[INFORMATION — start]

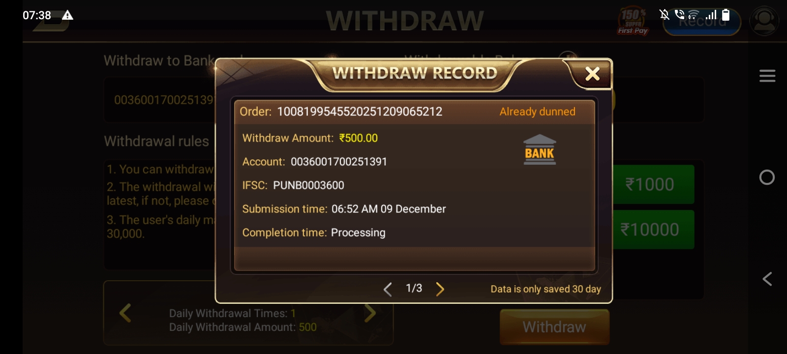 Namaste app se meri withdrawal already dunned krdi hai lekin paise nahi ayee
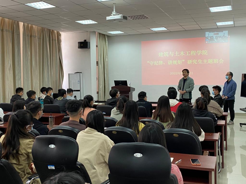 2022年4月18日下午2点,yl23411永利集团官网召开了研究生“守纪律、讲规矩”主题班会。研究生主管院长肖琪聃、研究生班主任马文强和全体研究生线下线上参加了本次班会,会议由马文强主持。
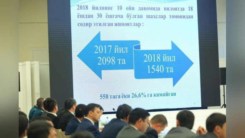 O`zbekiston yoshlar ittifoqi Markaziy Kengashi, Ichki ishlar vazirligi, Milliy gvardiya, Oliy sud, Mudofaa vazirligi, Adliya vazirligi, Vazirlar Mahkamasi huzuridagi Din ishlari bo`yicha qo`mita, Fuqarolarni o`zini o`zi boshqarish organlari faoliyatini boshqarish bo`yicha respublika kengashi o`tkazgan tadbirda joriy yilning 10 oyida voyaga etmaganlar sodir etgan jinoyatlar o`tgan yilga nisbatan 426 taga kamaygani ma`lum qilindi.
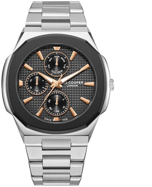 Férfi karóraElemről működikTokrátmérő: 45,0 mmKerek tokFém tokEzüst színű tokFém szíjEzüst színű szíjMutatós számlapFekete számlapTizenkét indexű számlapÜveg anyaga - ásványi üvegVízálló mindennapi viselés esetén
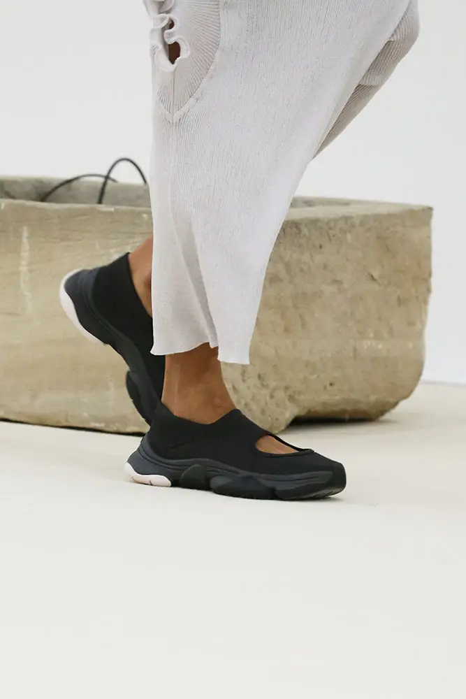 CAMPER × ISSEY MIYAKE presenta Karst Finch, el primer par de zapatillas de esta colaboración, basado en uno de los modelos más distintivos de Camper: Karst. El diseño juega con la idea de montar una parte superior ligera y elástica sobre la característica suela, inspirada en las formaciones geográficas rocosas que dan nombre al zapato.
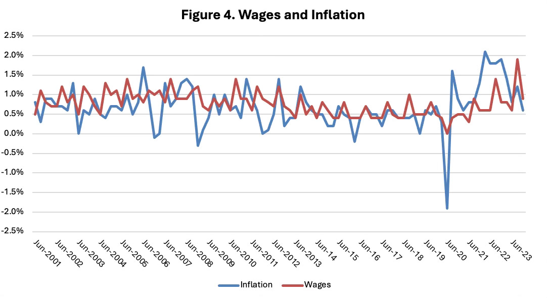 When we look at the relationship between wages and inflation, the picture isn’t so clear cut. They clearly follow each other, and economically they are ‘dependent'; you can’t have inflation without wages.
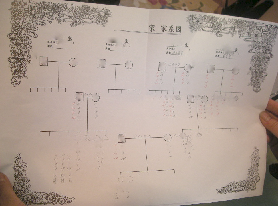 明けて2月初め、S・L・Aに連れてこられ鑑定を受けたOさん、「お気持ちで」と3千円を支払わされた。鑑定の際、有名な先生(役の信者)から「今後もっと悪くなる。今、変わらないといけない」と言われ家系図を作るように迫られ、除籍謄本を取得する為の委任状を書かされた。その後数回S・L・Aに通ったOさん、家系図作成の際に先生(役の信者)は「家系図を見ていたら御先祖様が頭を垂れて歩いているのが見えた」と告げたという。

[INFORMATION — finish]
[INFORMATION — start]

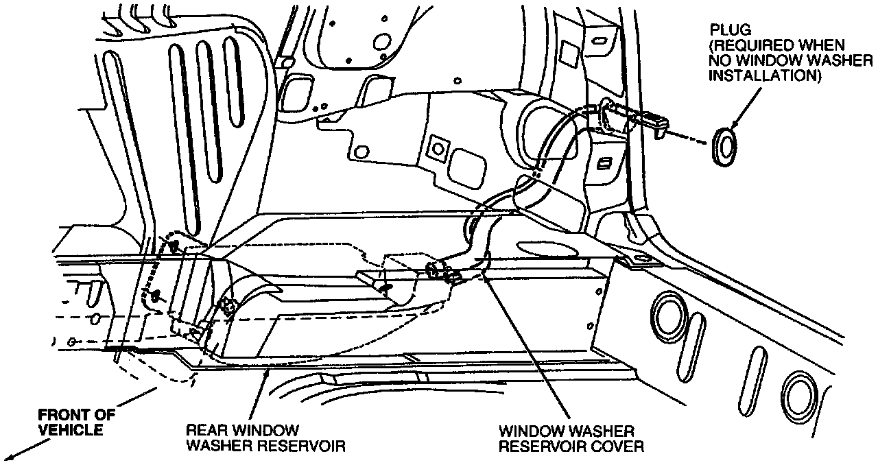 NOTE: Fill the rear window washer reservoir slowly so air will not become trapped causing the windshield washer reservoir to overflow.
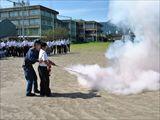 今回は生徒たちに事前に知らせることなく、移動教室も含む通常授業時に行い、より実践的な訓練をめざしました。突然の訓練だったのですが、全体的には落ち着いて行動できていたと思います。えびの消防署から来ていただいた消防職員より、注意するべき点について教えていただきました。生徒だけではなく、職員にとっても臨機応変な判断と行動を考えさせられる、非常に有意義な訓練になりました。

[INFORMATION — finish]

- **INSTRUCTIONS TO FOLLOW**
Taking the entries above, copy word for word the lines from the one with "Namaste app se" up to and including the one with "明けて2月初め、S・L・Aに", without any picture.

- **RESULT OF THIS EXERCISE**
 Namaste app se meri withdrawal already dunned krdi hai lekin paise nahi ayee
 2022年4月18日下午2点,yl23411永利集团官网召开了研究生“守纪律、讲规矩”主题班会。研究生主管院长肖琪聃、研究生班主任马文强和全体研究生线下线上参加了本次班会,会议由马文强主持。
 O`zbekiston yoshlar ittifoqi Markaziy Kengashi, Ichki ishlar vazirligi, Milliy gvardiya, Oliy sud, Mudofaa vazirligi, Adliya vazirligi, Vazirlar Mahkamasi huzuridagi Din ishlari bo`yicha qo`mita, Fuqarolarni o`zini o`zi boshqarish organlari faoliyatini boshqarish bo`yicha respublika kengashi o`tkazgan tadbirda joriy yilning 10 oyida voyaga etmaganlar sodir etgan jinoyatlar o`tgan yilga nisbatan 426 taga kamaygani ma`lum qilindi.
 Férfi karóraElemről működikTokrátmérő: 45,0 mmKerek tokFém tokEzüst színű tokFém szíjEzüst színű szíjMutatós számlapFekete számlapTizenkét indexű számlapÜveg anyaga - ásványi üvegVízálló mindennapi viselés esetén
 CAMPER × ISSEY MIYAKE presenta Karst Finch, el primer par de zapatillas de esta colaboración, basado en uno de los modelos más distintivos de Camper: Karst. El diseño juega con la idea de montar una parte superior ligera y elástica sobre la característica suela, inspirada en las formaciones geográficas rocosas que dan nombre al zapato.
 When we look at the relationship between wages and inflation, the picture isn’t so clear cut. They clearly follow each other, and economically they are ‘dependent'; you can’t have inflation without wages.
 明けて2月初め、S・L・Aに連れてこられ鑑定を受けたOさん、「お気持ちで」と3千円を支払わされた。鑑定の際、有名な先生(役の信者)から「今後もっと悪くなる。今、変わらないといけない」と言われ家系図を作るように迫られ、除籍謄本を取得する為の委任状を書かされた。その後数回S・L・Aに通ったOさん、家系図作成の際に先生(役の信者)は「家系図を見ていたら御先祖様が頭を垂れて歩いているのが見えた」と告げたという。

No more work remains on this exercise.